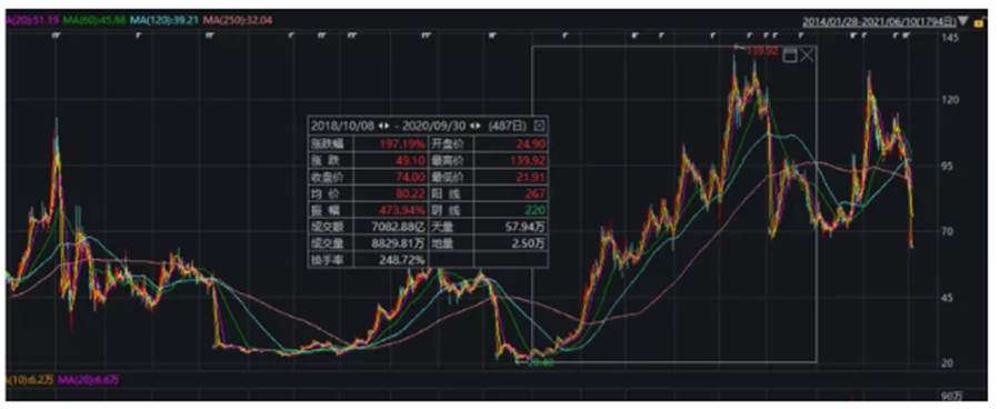 作為鋰電材料的龍頭,贛鋒鋰業(yè)(002460.SZ)的市值從2010年8月10日上市以來的59億元抬升至如今的1400億元,期間經(jīng)歷了幾波上漲。到了2021年1月25日,股價更是達到歷史最高點149.3元/股。但隨后,贛鋒鋰業(yè)經(jīng)歷了長達兩個月左右的回調,直到6月才反彈至前期高點附近。
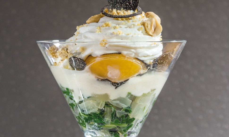 Œuf parfait, mousseline de topinambours et blettes streusel noisettes, schum au parmesan
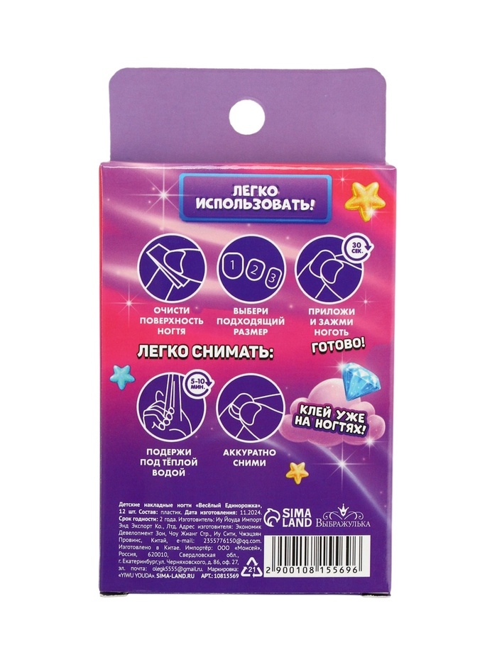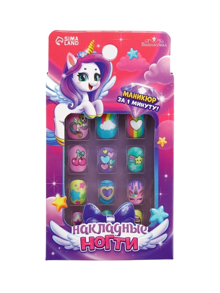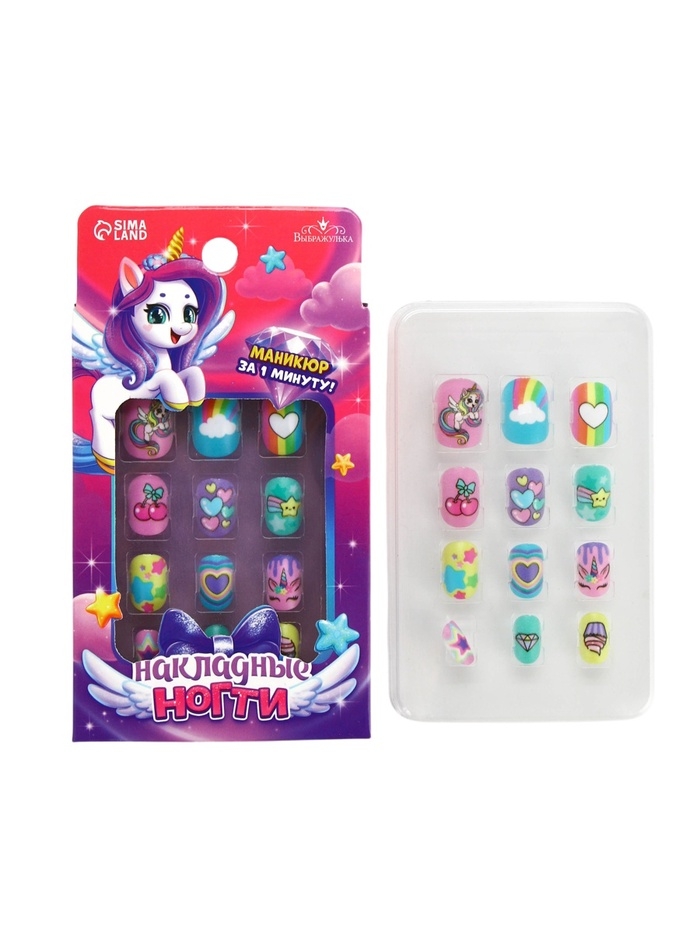 Детские накладные ногти "Веселый Единорожка" , 12 шт
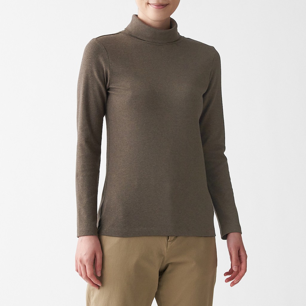 MUJI Stretch Rib Knit Turtle Neck Long Sleeve T-Shirt
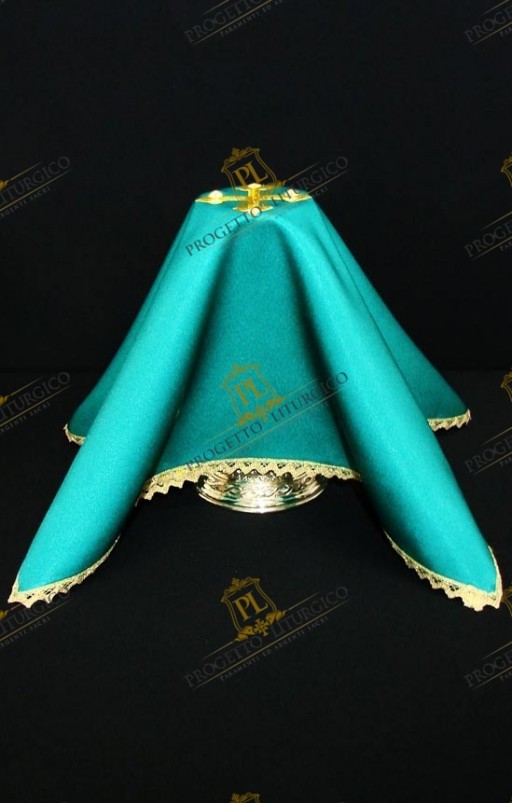 Al centro del velo, una croce ricamata con filato dorato impreziosisce il velo del calice. Tutto il profilo è incorniciato da un delicato bordo in tombolo.
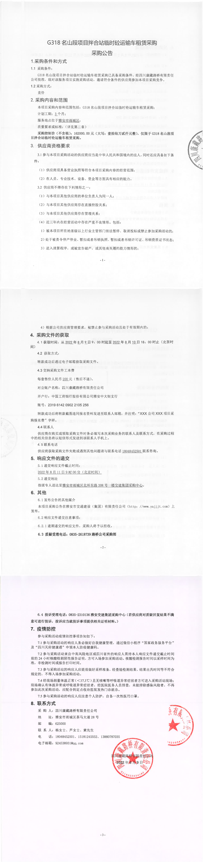 四川康藏路桥有限责任公司G318名山段项目拌合站临时砼运输车租赁采购采购公告
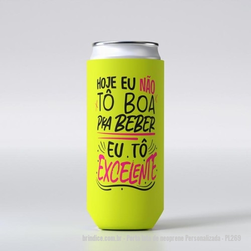 Porta lata de neoprene Personalizada - PL269 - Porta Lata de Cerveja 269ml, Confeccionado em NEOPRENE de 3 mm de espessura esse porta latas é feito para latinhas de 269ml. A alta qualidade do material faz com que este seja um brinde resistente, durável e a propriedade térmica do neoprene mantém a temperatura por curtos períodos de tempo - 166137 - Portal de Brindes Personalizados | Guia Bríndice 38 Anos - Porta lata de neoprene

ACTIVITY: Once the pictures are removed, repeat all of the data above exactly.

RESPONSE TO THIS TASK:
 作為鋰電材料的龍頭,贛鋒鋰業(yè)(002460.SZ)的市值從2010年8月10日上市以來的59億元抬升至如今的1400億元,期間經(jīng)歷了幾波上漲。到了2021年1月25日,股價更是達到歷史最高點149.3元/股。但隨后,贛鋒鋰業(yè)經(jīng)歷了長達兩個月左右的回調,直到6月才反彈至前期高點附近。
 Œuf parfait, mousseline de topinambours et blettes streusel noisettes, schum au parmesan
 Детские накладные ногти "Веселый Единорожка" , 12 шт
 MUJI Stretch Rib Knit Turtle Neck Long Sleeve T-Shirt
 Al centro del velo, una croce ricamata con filato dorato impreziosisce il velo del calice. Tutto il profilo è incorniciato da un delicato bordo in tombolo.
 四川康藏路桥有限责任公司G318名山段项目拌合站临时砼运输车租赁采购采购公告
 Porta lata de neoprene Personalizada - PL269 - Porta Lata de Cerveja 269ml, Confeccionado em NEOPRENE de 3 mm de espessura esse porta latas é feito para latinhas de 269ml. A alta qualidade do material faz com que este seja um brinde resistente, durável e a propriedade térmica do neoprene mantém a temperatura por curtos períodos de tempo - 166137 - Portal de Brindes Personalizados | Guia Bríndice 38 Anos - Porta lata de neoprene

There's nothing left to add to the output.